Urbanfruit.ly received the AT&T Best Overall Hack for Los Angeles App award and Second Prize in the Chase Bank Challenge for apps related to jobs, business, and economic development. The project evolved from a hackathon prototype into a fully developed platform and was ultimately acquired by Intel Labs in 2016.
The mission of Urbanfruit.ly was to strengthen civic efforts around equitable food systems and urban agriculture by connecting residents, sharing surplus resources, and reducing food waste through technology-enabled cooperation. As Co-founder, I played a central role in guiding the platform from concept to acquisition. My responsibilities spanned strategy, fundraising, product development, and community partnerships:
1. Capital + Venture Development
I led the procurement of Urbanfruit.ly’s initial investors, securing early-stage funding that enabled product development, pilot testing, and deployment across Southern California neighborhoods.

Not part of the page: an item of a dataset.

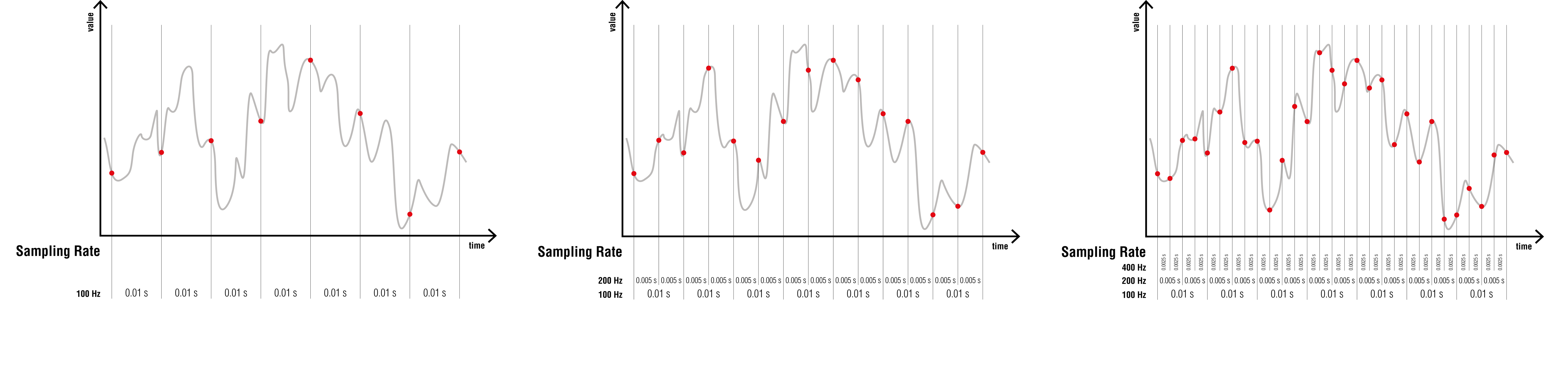 L’intervalle temporel entre deux mesures est appelé la période d’échantillonnage. La fréquence d’échantillonnage (sampling rate) est le nombre de mesures prises par seconde, exprimée en Hz.

2. Product + Platform Leadership
I directed the development of the iOS and Android applications, shaping a user-friendly peer-to-peer network that supported urban growers in exchanging surplus harvests. The platform helped diversify local food sources, reduce waste, and establish a free, values-aligned digital marketplace for urban agriculture.
3. Community Engagement + Cross-Sector Partnerships
I managed community engagement events, workshops, and stakeholder discussions, collaborating with partners across urban agriculture, food justice, mobile technology, and government sectors. Through partnerships with community-based organizations, industry leaders, and public agencies in California, I expanded the platform’s reach and aligned its growth with broader food equity goals.